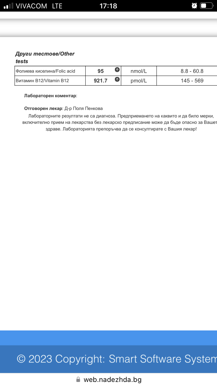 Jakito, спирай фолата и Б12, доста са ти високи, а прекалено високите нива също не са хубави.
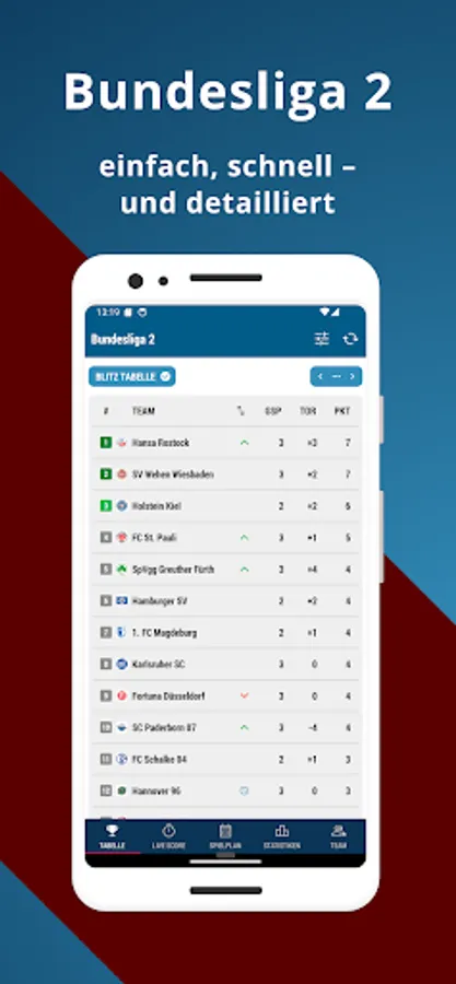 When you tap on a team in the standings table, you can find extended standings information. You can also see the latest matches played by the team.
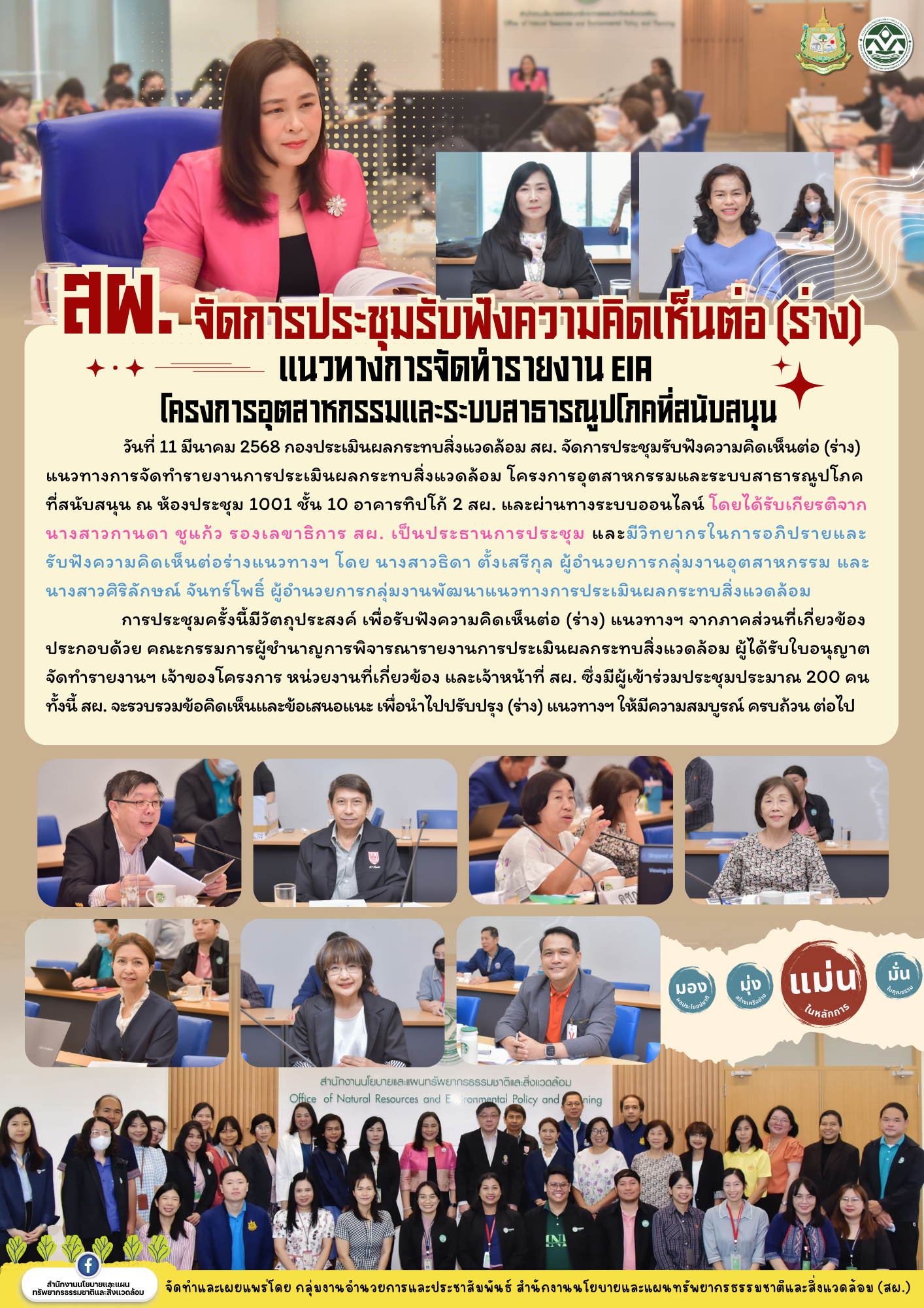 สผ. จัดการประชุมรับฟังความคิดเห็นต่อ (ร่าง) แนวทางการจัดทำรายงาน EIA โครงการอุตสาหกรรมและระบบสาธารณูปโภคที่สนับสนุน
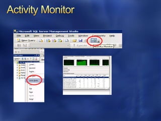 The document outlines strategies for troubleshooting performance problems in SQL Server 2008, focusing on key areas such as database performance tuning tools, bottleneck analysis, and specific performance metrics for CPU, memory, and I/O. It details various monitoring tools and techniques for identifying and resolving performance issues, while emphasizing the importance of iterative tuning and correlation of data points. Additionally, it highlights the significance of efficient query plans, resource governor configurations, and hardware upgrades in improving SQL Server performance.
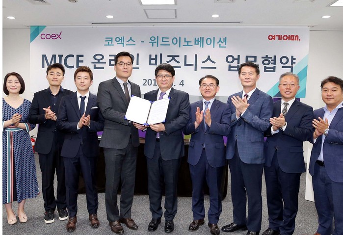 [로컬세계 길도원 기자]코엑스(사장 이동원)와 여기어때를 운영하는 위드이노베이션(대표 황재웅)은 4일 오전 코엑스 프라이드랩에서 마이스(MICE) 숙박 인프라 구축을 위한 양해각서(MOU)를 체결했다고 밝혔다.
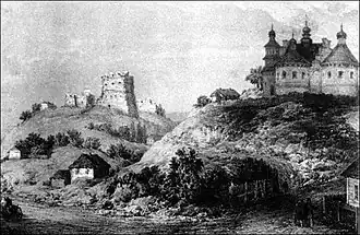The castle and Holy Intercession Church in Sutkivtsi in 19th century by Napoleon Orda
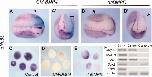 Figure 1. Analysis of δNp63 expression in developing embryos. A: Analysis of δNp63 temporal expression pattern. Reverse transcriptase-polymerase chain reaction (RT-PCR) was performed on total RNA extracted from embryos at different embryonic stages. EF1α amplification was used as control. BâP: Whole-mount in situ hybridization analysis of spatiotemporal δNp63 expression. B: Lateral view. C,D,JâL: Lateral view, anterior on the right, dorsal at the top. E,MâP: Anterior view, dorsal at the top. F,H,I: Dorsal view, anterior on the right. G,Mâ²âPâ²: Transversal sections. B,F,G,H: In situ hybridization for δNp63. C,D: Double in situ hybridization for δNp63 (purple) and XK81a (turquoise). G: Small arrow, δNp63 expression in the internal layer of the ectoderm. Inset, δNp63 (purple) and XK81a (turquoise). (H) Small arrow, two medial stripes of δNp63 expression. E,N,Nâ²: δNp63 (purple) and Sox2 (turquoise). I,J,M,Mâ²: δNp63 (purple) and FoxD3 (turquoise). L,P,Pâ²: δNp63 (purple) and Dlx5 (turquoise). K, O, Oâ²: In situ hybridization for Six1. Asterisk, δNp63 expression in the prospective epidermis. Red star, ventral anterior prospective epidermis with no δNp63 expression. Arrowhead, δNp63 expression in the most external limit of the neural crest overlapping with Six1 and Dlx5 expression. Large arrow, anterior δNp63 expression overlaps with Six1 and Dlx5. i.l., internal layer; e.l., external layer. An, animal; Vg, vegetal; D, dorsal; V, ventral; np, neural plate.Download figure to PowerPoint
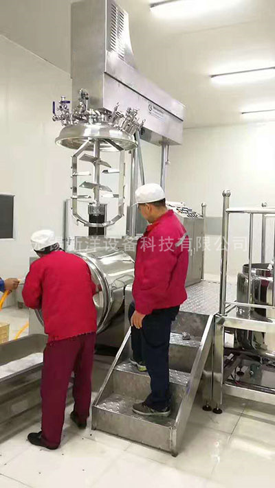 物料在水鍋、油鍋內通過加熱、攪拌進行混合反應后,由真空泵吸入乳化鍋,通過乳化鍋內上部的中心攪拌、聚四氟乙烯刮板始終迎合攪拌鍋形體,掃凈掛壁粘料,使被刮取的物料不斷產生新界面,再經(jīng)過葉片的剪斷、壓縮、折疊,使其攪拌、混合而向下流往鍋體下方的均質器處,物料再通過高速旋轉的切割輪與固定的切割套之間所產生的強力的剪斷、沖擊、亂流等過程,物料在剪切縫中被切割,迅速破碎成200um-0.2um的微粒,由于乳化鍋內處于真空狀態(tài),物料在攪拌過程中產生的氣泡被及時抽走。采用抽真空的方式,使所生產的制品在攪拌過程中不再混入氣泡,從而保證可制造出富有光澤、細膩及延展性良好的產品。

====

_Exercise_.
Only the lines of the listing above from the one with "When you tap" through the one with "สผ. จัดการประชุมรับฟังความคิดเห็นต่อ (ร่าง)" should be output, exactly, with both ends kept and pictures left out.

_The answer_.
 When you tap on a team in the standings table, you can find extended standings information. You can also see the latest matches played by the team.
 สผ. จัดการประชุมรับฟังความคิดเห็นต่อ (ร่าง) แนวทางการจัดทำรายงาน EIA โครงการอุตสาหกรรมและระบบสาธารณูปโภคที่สนับสนุน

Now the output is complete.